### Description of the task
A word-for-word copy is required of the line containing "Går att ha ståendes" and of each line after it in the material below, through the last one.

────────────────

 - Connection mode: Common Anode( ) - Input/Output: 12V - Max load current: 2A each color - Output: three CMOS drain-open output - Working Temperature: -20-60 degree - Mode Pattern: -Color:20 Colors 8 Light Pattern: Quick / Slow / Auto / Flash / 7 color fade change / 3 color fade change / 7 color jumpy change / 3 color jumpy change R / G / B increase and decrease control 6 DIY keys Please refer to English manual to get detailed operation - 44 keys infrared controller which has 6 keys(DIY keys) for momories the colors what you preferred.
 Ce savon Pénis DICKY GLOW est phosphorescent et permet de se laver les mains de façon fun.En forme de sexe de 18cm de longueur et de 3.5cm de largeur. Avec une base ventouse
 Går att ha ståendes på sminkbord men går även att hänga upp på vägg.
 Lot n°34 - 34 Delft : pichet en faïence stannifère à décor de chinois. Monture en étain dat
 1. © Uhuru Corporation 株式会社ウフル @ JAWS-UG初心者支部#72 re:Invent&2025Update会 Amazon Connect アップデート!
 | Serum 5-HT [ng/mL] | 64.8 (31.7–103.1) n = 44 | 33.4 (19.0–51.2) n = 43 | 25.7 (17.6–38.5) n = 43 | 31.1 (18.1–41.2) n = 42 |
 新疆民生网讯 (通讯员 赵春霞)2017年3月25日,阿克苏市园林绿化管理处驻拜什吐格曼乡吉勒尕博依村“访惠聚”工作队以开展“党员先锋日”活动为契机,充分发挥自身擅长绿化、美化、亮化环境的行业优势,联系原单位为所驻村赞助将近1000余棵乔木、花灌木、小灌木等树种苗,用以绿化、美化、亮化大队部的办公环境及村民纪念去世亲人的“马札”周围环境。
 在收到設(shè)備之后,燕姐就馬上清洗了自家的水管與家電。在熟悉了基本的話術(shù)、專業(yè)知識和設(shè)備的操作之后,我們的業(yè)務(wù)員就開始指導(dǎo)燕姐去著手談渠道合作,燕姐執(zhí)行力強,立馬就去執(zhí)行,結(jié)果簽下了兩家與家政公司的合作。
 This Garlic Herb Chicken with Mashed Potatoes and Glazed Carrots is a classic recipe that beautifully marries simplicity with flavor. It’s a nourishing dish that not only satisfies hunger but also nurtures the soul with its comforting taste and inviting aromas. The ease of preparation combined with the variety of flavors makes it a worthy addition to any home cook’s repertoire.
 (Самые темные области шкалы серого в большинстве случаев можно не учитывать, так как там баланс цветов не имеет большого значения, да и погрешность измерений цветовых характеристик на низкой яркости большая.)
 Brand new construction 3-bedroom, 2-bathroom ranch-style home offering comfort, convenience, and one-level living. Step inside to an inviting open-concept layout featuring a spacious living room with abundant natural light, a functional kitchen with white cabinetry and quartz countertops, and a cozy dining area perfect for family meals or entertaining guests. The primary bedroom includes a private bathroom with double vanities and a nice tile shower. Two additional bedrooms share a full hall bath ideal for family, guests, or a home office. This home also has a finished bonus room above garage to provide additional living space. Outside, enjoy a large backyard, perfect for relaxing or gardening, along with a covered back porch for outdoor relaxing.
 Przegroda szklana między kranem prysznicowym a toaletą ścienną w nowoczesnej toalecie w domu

────────────────

### Solution to the problem
 Går att ha ståendes på sminkbord men går även att hänga upp på vägg.
 Lot n°34 - 34 Delft : pichet en faïence stannifère à décor de chinois. Monture en étain dat
 1. © Uhuru Corporation 株式会社ウフル @ JAWS-UG初心者支部#72 re:Invent&2025Update会 Amazon Connect アップデート!
 | Serum 5-HT [ng/mL] | 64.8 (31.7–103.1) n = 44 | 33.4 (19.0–51.2) n = 43 | 25.7 (17.6–38.5) n = 43 | 31.1 (18.1–41.2) n = 42 |
 新疆民生网讯 (通讯员 赵春霞)2017年3月25日,阿克苏市园林绿化管理处驻拜什吐格曼乡吉勒尕博依村“访惠聚”工作队以开展“党员先锋日”活动为契机,充分发挥自身擅长绿化、美化、亮化环境的行业优势,联系原单位为所驻村赞助将近1000余棵乔木、花灌木、小灌木等树种苗,用以绿化、美化、亮化大队部的办公环境及村民纪念去世亲人的“马札”周围环境。
 在收到設(shè)備之后,燕姐就馬上清洗了自家的水管與家電。在熟悉了基本的話術(shù)、專業(yè)知識和設(shè)備的操作之后,我們的業(yè)務(wù)員就開始指導(dǎo)燕姐去著手談渠道合作,燕姐執(zhí)行力強,立馬就去執(zhí)行,結(jié)果簽下了兩家與家政公司的合作。
 This Garlic Herb Chicken with Mashed Potatoes and Glazed Carrots is a classic recipe that beautifully marries simplicity with flavor. It’s a nourishing dish that not only satisfies hunger but also nurtures the soul with its comforting taste and inviting aromas. The ease of preparation combined with the variety of flavors makes it a worthy addition to any home cook’s repertoire.
 (Самые темные области шкалы серого в большинстве случаев можно не учитывать, так как там баланс цветов не имеет большого значения, да и погрешность измерений цветовых характеристик на низкой яркости большая.)
 Brand new construction 3-bedroom, 2-bathroom ranch-style home offering comfort, convenience, and one-level living. Step inside to an inviting open-concept layout featuring a spacious living room with abundant natural light, a functional kitchen with white cabinetry and quartz countertops, and a cozy dining area perfect for family meals or entertaining guests. The primary bedroom includes a private bathroom with double vanities and a nice tile shower. Two additional bedrooms share a full hall bath ideal for family, guests, or a home office. This home also has a finished bonus room above garage to provide additional living space. Outside, enjoy a large backyard, perfect for relaxing or gardening, along with a covered back porch for outdoor relaxing.
 Przegroda szklana między kranem prysznicowym a toaletą ścienną w nowoczesnej toalecie w domu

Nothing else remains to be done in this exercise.